If I set tf.device('/gpu:1'), the monitor says:
|-------------------------------+----------------------+----------------------+
| GPU Name Persistence-M| Bus-Id Disp.A | Volatile Uncorr. ECC |
| Fan Temp Perf Pwr:Usage/Cap| Memory-Usage | GPU-Util Compute M. |
|===============================+======================+======================|
| 0 Quadro K620 Off | 0000:03:00.0 On | N/A |
| 34% 45C P0 2W / 30W | 411MiB / 1993MiB | 3% Default |
+-------------------------------+----------------------+----------------------+
| 1 GeForce GTX TIT... Off | 0000:04:00.0 Off | N/A |
| 22% 52C P2 73W / 250W | 11628MiB / 12206MiB | 12% Default |
+-------------------------------+----------------------+----------------------+
| 2 GeForce GTX TIT... Off | 0000:81:00.0 Off | N/A |
| 22% 42C P2 71W / 250W | 11628MiB / 12206MiB | 0% Default |
+-------------------------------+----------------------+----------------------+
showing that the two Titan X cards are working, not the 2nd Titan X alone.
So any reason behind this and how to specify the gpu I want my program to run in?
Just a guess, but the default behavior for a tf.train.Optimizer object (which I expect is created in net.training(loss)) when you call minimize() is colocate_gradients_with_ops=False. This may lead to the backpropagation ops being placed on the default device, which will be /gpu:0.
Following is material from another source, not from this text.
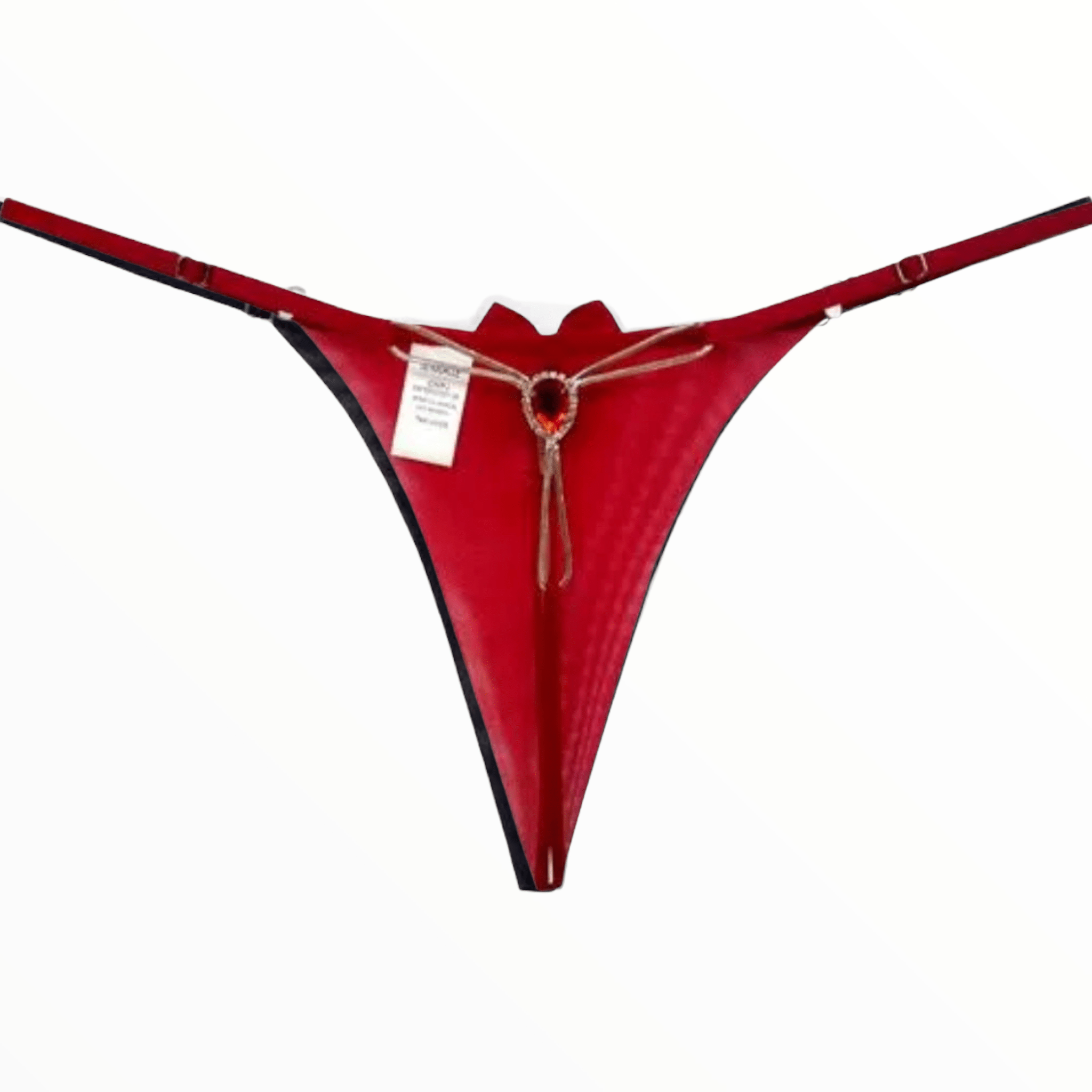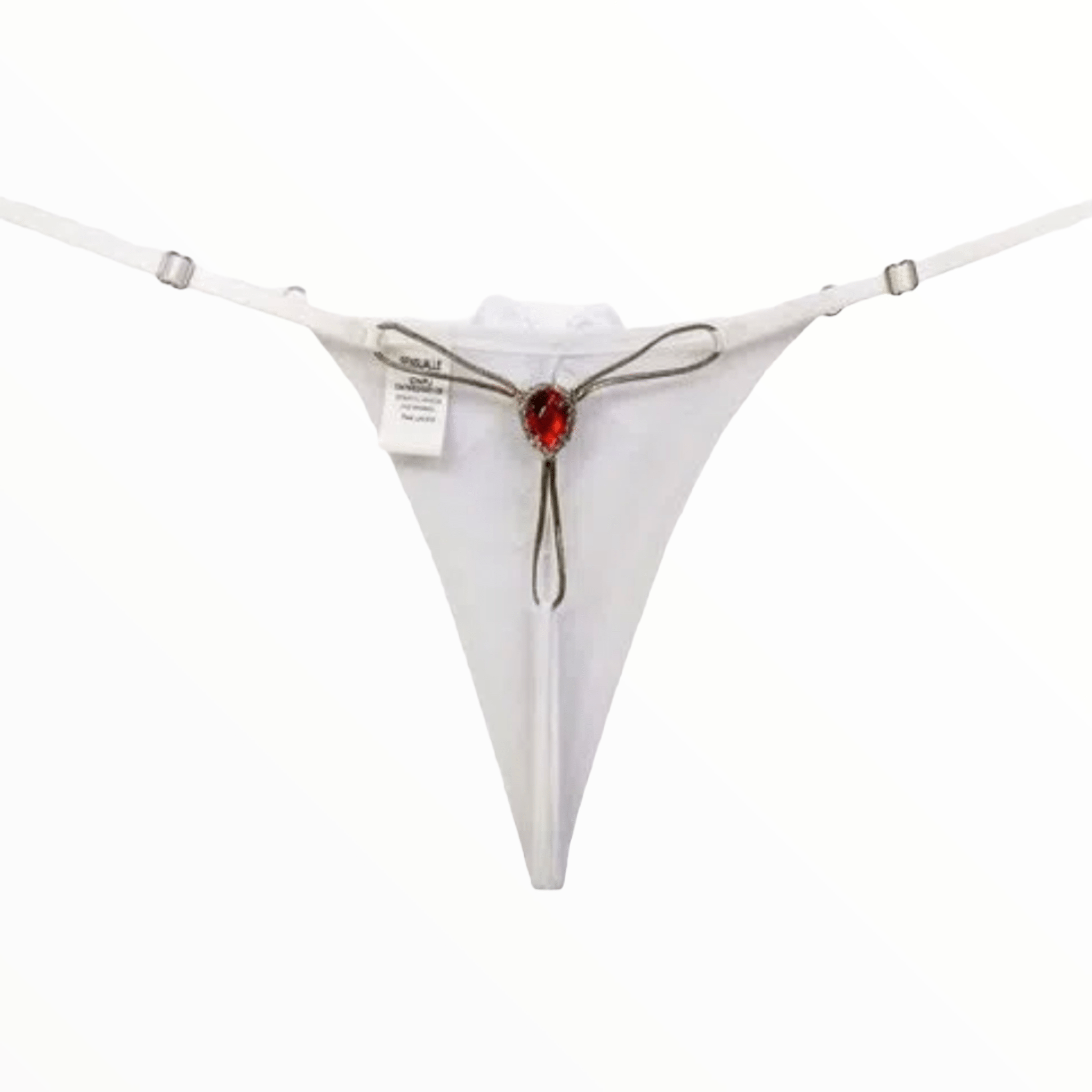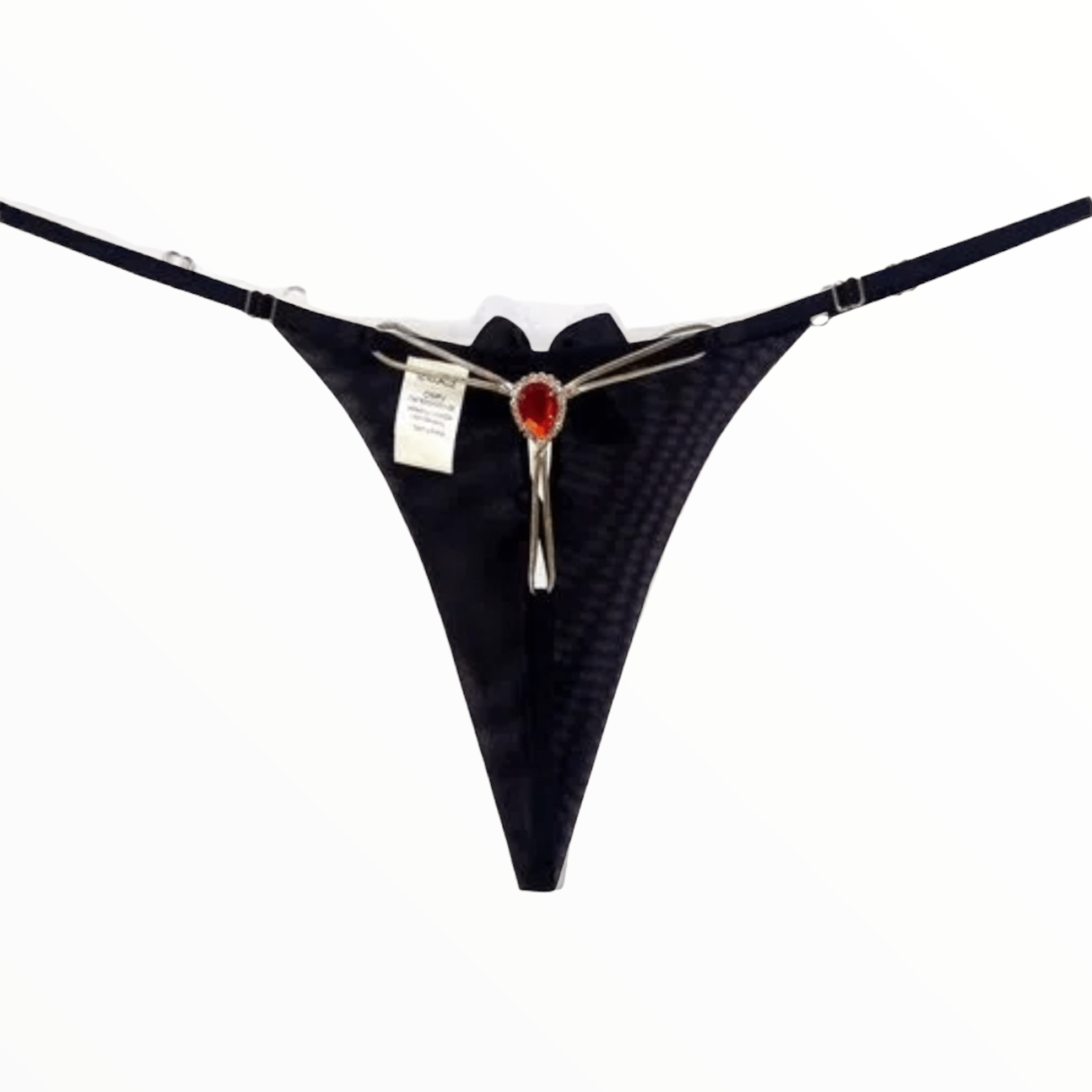 Detalhe: Biju de pedra sortida e strass no bumbum.

To work out if this is happening, you can iterate over sess.graph_def and look for nodes that either have /gpu:0 in the NodeDef.device field, or have an empty device field (in which case they will be placed on /gpu:0 by default).
Another option for checking what devices are being used is to use the output_partition_graphs=True option when running your step. This shows what devices TensorFlow is actually using (instead of, in sess.graph_def, what devices your program is requesting), and should show exactly what nodes are running on /gpu:0.